Bir alıcı, bir mesaja anlam tanıyan ve ekleyen herhangi bir kişidir. En iyi koşullarda, bir mesaj istenen alıcıya sorunsuz bir şekilde ulaşır. Bununla birlikte, iş dünyasının kafa karıştırıcı ve kusurlu dünyasında çeşitli sorunlar ortaya çıkabilir. Mesaj asla alıcıya ulaşamayabilir.

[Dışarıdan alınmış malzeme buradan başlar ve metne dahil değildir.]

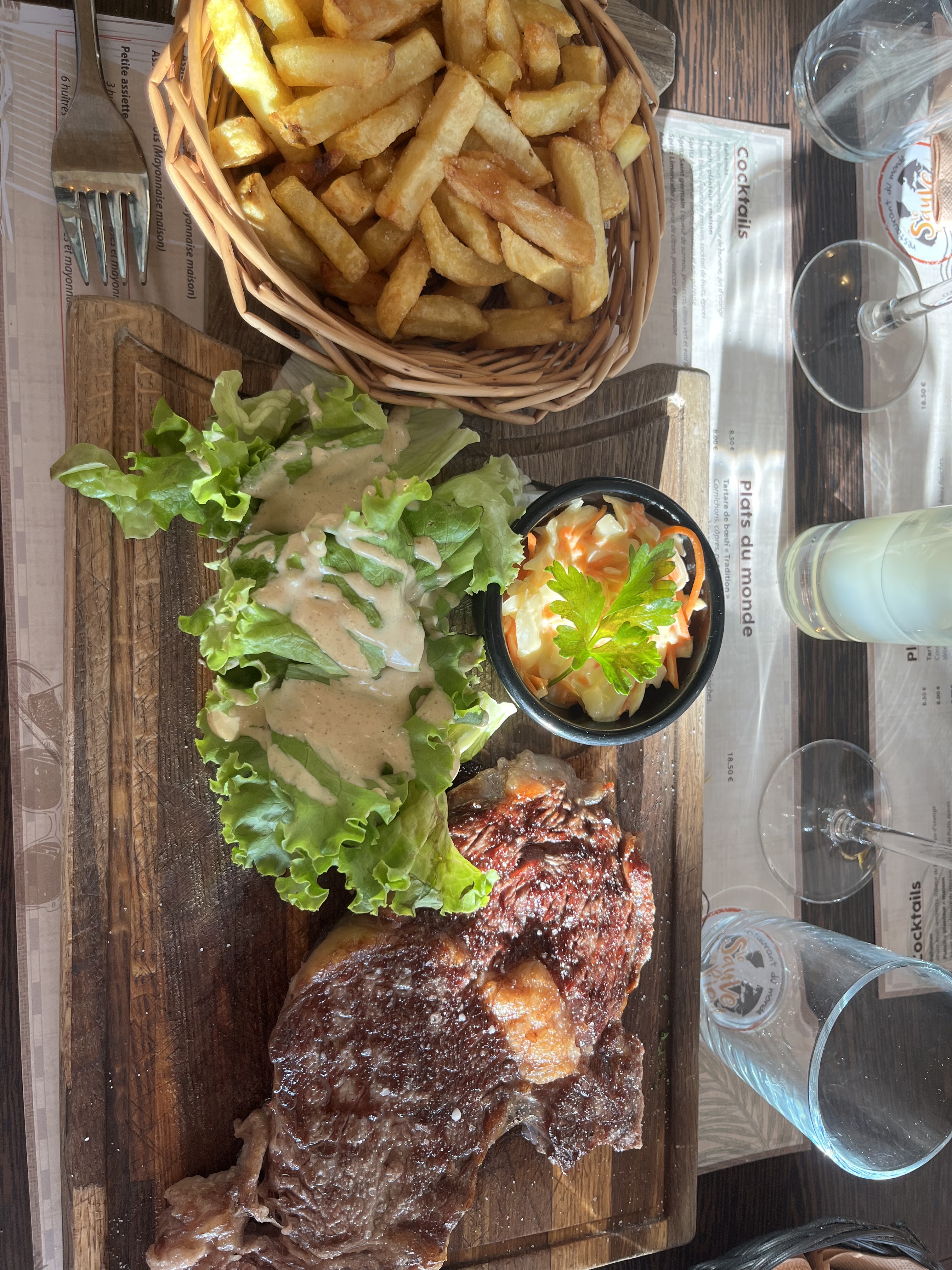 En vacance dans la région, nous avons passez une super soirée, un repas avec des bonnes portions , on s'est régalé. Moules frites, entrecôte et des ribbs excellents. Le service nickel et au top.
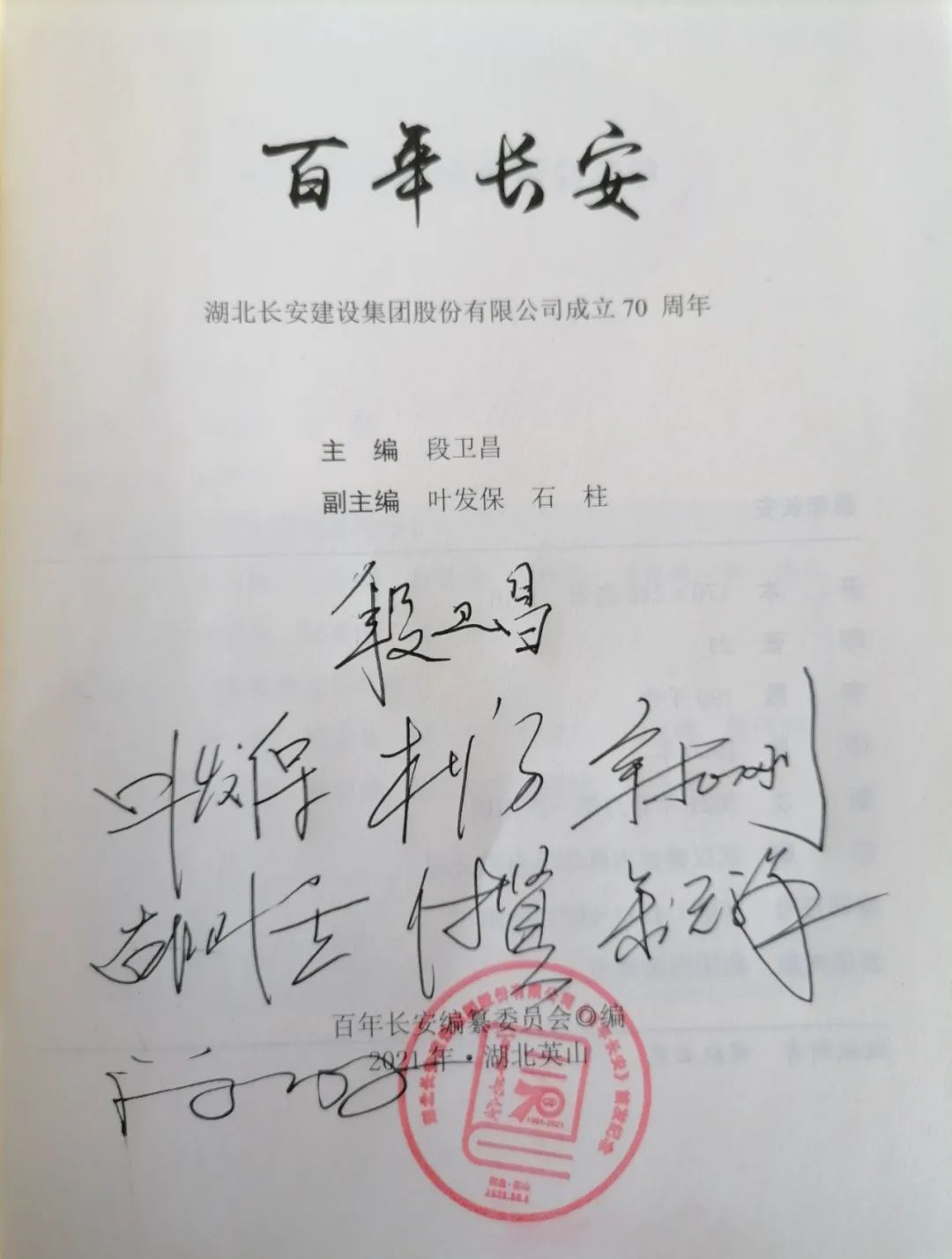 10月1日,湖北長安建設集團在英山長安世紀酒店舉行了《百年長安》簽發(fā)儀式。集團董事長、《百年長安》主編段衛(wèi)昌,總經理葉發(fā)保及董事會全體成員參加了簽發(fā)儀式。

Gönderilebilir, ancak alıcının masasındaki bir dosya dağının altına gömülebilir. Mesaj sözlü ise, dinleyici onu unutabilir. Daha da kötüsü, bir alıcı için tasarlanan bir mesaj bir başkası tarafından ele geçirilebilir veya meslektaşınız dostça şakalarınızı rahatsız edici bir şekilde alabilir. Benzer şekilde, patronunuzun önerisi sizin tarafınızdan emir olarak alınabilir, örneğin bir rakip bir müşteriyle yazışmalarınızın bir kopyasını görebilir.

6. Kod çözme:

Mesaj hedeflenen alıcısına dokunmasa bile, gönderenin istediği şekilde anlaşılacağının garantisi yoktur. Alıcı, kelime veya sembollere anlam ekleyerek kodunu çözmelidir. Kod çözmenin her zaman doğru olmadığı not edilebilir. Bireysel deneyimlere dayanır.

Sorun şu ki, hepimizin konu ya da gönderen tarafından seçilen sembollerle aynı deneyime sahip olmayız. Hindistan'da bile, tutumlar, yetenekler, görüşler, iletişim becerileri ve kültürel gelenekler değişiklik gösterir. Eğer iletişim iki farklı ülkenin insanları arasındaysa, Hindistan ve Japonya diyelim, problemler artar. Yanlış yorumlama olasılığı daha yüksektir; Her alıcı kendi gönderen fikrinin amaçlanan anlamını kendi alıcı mekanizmasında algılamaya çalışırken kişisel önyargılara müdahale edebilir.

7. Geri bildirim:

Sonuçta, alıcı gönderen tarafından gönderilen iletişime tepki verir veya cevap verir. Yanıt, gönderilen sembollerin açık bir şekilde yorumlanmasına dayanabilir veya gönderilen sembollerin yanlış anlaşılması veya yanlış yorumlanmasına dayanabilir. Bir alıcının bir gönderene yanıtı ne olursa olsun, geri bildirim olarak adlandırılır. Bazı geri bildirimler sözlü olmayan gülümsemeler, iç çekimler, başını sallar vb.

Bazen bir meslektaşın fikirlerine sorularınız veya yorumlarınızla tepki verirken sözlüdür. Bir iş arkadaşınızın notuna yanıt verirken olduğu gibi geri bildirim de yazılabilir. Çoğu durumda, hiçbir mesaj bir geri bildirim de olamaz.

Bir mektubu cevaplamamak veya bir telefona cevap vermemek, iletişim kurmayan bir kişinin gönderen hakkında ne hissettiğini önerebilir. Geri bildirim, iletişim sürecinin önemli bir bileşenidir, çünkü sonuçta iletişimin başarısı veya başarısızlığı, aldığımız geri bildirimler tarafından belirlenir.